[Work task]
Give back every line of the material exactly. Skip the pictures.

[Input data]
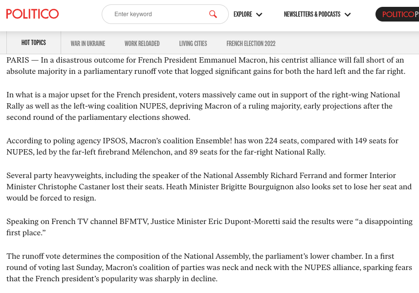 Издание Politico называет исход французских парламентских выборов "катастрофическим" для Эммануэля Макрона. Его центристский блок "Вместе" потерял абсолютное большинство, а левые (Жан-Люк Меланшон) и правые (Марин Ле Пен) нарастили свои позиции.
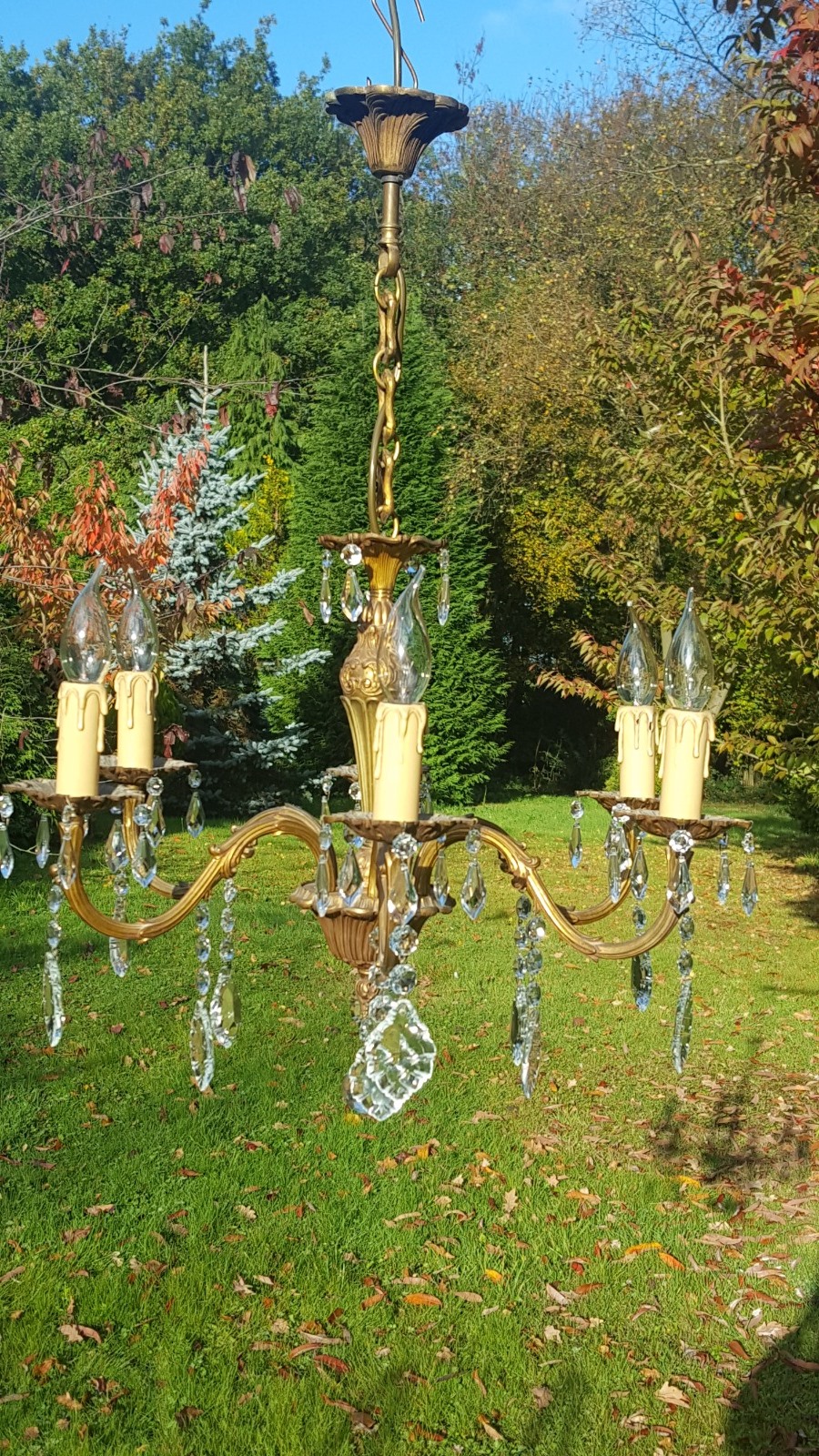 Vintage French 6 Arm Bronze Chandelier with Pretty Drops
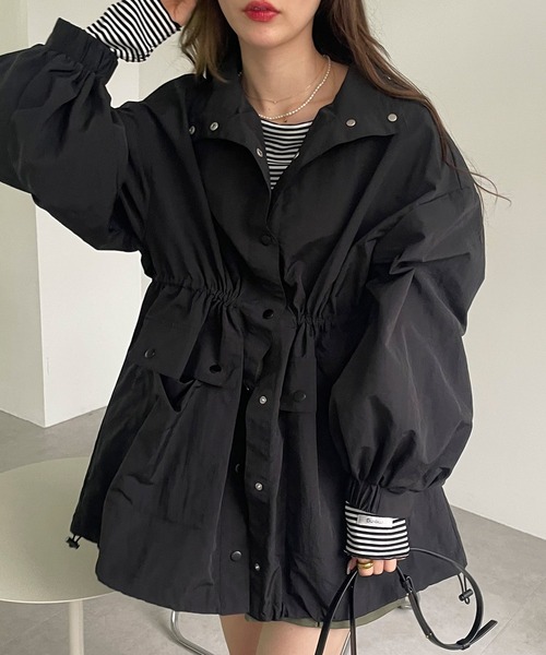 軽量で手軽にサラッと羽織れる、 スタンドカラーのマウンテンパーカーが入荷しました♪ 表面に適度なハリ感とシワ感のある、 シャカシャカとしたナイロン素材のアウターは、 サラッとしたシャツ感覚の着心地が◎ ゆるっとしたオーバーサイズシルエット、 ボリュームのある袖でこなれ感のある印象に。 首元を閉じてトレンドのスタンドカラーとしても、 前開けで抜け感のあるビッグカラー風にも着られる♪ 大きめのポケットもポイントです。 ウエストや裾のドローコードで シルエットの変化も楽しめて、コーデの幅も広がるデザインです。 軽量で持ち運びもしやすく、気温の変わりやすい時期に 体温調節できるライトアウターとしておすすめです! ※裏地なし ※撮影時のライティング、ご覧になっているモニター・PC環境により 実際の商品と色味が異なって見える場合がございます。 ご了承の上お買い求め下さい。 素材: ナイロン100% ≪備考≫ 伸縮性:なし 透け感:なし 生地の厚さ:やや厚手 肌ざわり:さらっとしている その他: 生産地:中国 洗濯機:可 ドライクリーニング:不可 ウェットクリーニング:可
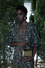 Crafted in pure metal with a fine fabric lining, leather quilted flap detail, and a full metal chain to be able to carry it handsfree, this piece is equipped for all. A matte finished top and reflective base, this bag was crafted to be the talk of the town.
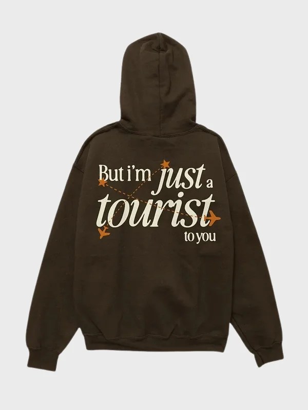 Designed for versatility, the But I’m Just A Tourist hoodie pairs seamlessly with oversized denim, cargos, or layered under a structured jacket for a balanced street-style look. The adjustable hood and spacious kangaroo pocket add practicality, making it ideal for cooler evenings, solo walks, or casual city days.
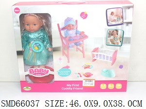 12寸男娃带六声IC带摇床配奶瓶/尿壶/护发素
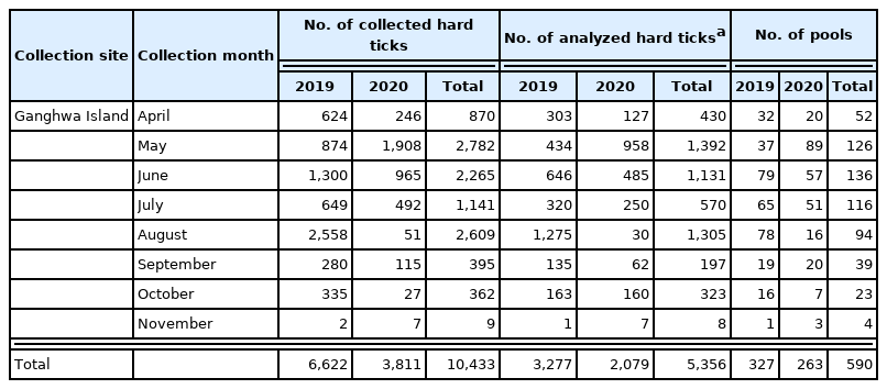 Surveys of hard tick surveys were conducted in a grassland, a grave site, a copse, and a mountain road with the collection trap method from April to November of 2019 using three collection traps per site (i.e., 12 traps in total) on Ganghwa-do. The geographic indices (longitute/latitude) for each of the four surveillance sites are 37.733344/126.395645, 37.734496/ 126.397436, 37.732803/126.398165, and 37.733885/126.396880. Hard ticks were collected at each site on the same day to determine SFTS virus infection. Any specific permissions were not required for tick collection at these sites, since this study did not involve endangered species. The collected specimens were transported alive to a laboratory in the Department of Parasitology and Tropical Medicine, School of Medicine, Inha University. The hard ticks were identified to species level with taxonomic keys and classified according to their developmental stage based on morphological features [
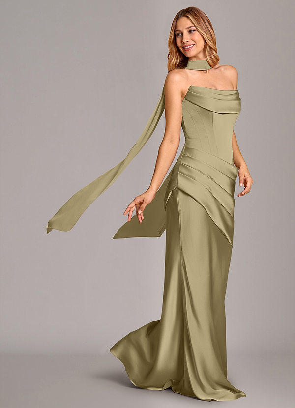 Klä av Sjöjungfru i Stretch Satin Axelbandslös Mossgrön Konvertibel

[Answer to the problem]
 Издание Politico называет исход французских парламентских выборов "катастрофическим" для Эммануэля Макрона. Его центристский блок "Вместе" потерял абсолютное большинство, а левые (Жан-Люк Меланшон) и правые (Марин Ле Пен) нарастили свои позиции.
 Vintage French 6 Arm Bronze Chandelier with Pretty Drops
 軽量で手軽にサラッと羽織れる、 スタンドカラーのマウンテンパーカーが入荷しました♪ 表面に適度なハリ感とシワ感のある、 シャカシャカとしたナイロン素材のアウターは、 サラッとしたシャツ感覚の着心地が◎ ゆるっとしたオーバーサイズシルエット、 ボリュームのある袖でこなれ感のある印象に。 首元を閉じてトレンドのスタンドカラーとしても、 前開けで抜け感のあるビッグカラー風にも着られる♪ 大きめのポケットもポイントです。 ウエストや裾のドローコードで シルエットの変化も楽しめて、コーデの幅も広がるデザインです。 軽量で持ち運びもしやすく、気温の変わりやすい時期に 体温調節できるライトアウターとしておすすめです! ※裏地なし ※撮影時のライティング、ご覧になっているモニター・PC環境により 実際の商品と色味が異なって見える場合がございます。 ご了承の上お買い求め下さい。 素材: ナイロン100% ≪備考≫ 伸縮性:なし 透け感:なし 生地の厚さ:やや厚手 肌ざわり:さらっとしている その他: 生産地:中国 洗濯機:可 ドライクリーニング:不可 ウェットクリーニング:可
 Crafted in pure metal with a fine fabric lining, leather quilted flap detail, and a full metal chain to be able to carry it handsfree, this piece is equipped for all. A matte finished top and reflective base, this bag was crafted to be the talk of the town.
 Designed for versatility, the But I’m Just A Tourist hoodie pairs seamlessly with oversized denim, cargos, or layered under a structured jacket for a balanced street-style look. The adjustable hood and spacious kangaroo pocket add practicality, making it ideal for cooler evenings, solo walks, or casual city days.
 12寸男娃带六声IC带摇床配奶瓶/尿壶/护发素
 Surveys of hard tick surveys were conducted in a grassland, a grave site, a copse, and a mountain road with the collection trap method from April to November of 2019 using three collection traps per site (i.e., 12 traps in total) on Ganghwa-do. The geographic indices (longitute/latitude) for each of the four surveillance sites are 37.733344/126.395645, 37.734496/ 126.397436, 37.732803/126.398165, and 37.733885/126.396880. Hard ticks were collected at each site on the same day to determine SFTS virus infection. Any specific permissions were not required for tick collection at these sites, since this study did not involve endangered species. The collected specimens were transported alive to a laboratory in the Department of Parasitology and Tropical Medicine, School of Medicine, Inha University. The hard ticks were identified to species level with taxonomic keys and classified according to their developmental stage based on morphological features [
 Klä av Sjöjungfru i Stretch Satin Axelbandslös Mossgrön Konvertibel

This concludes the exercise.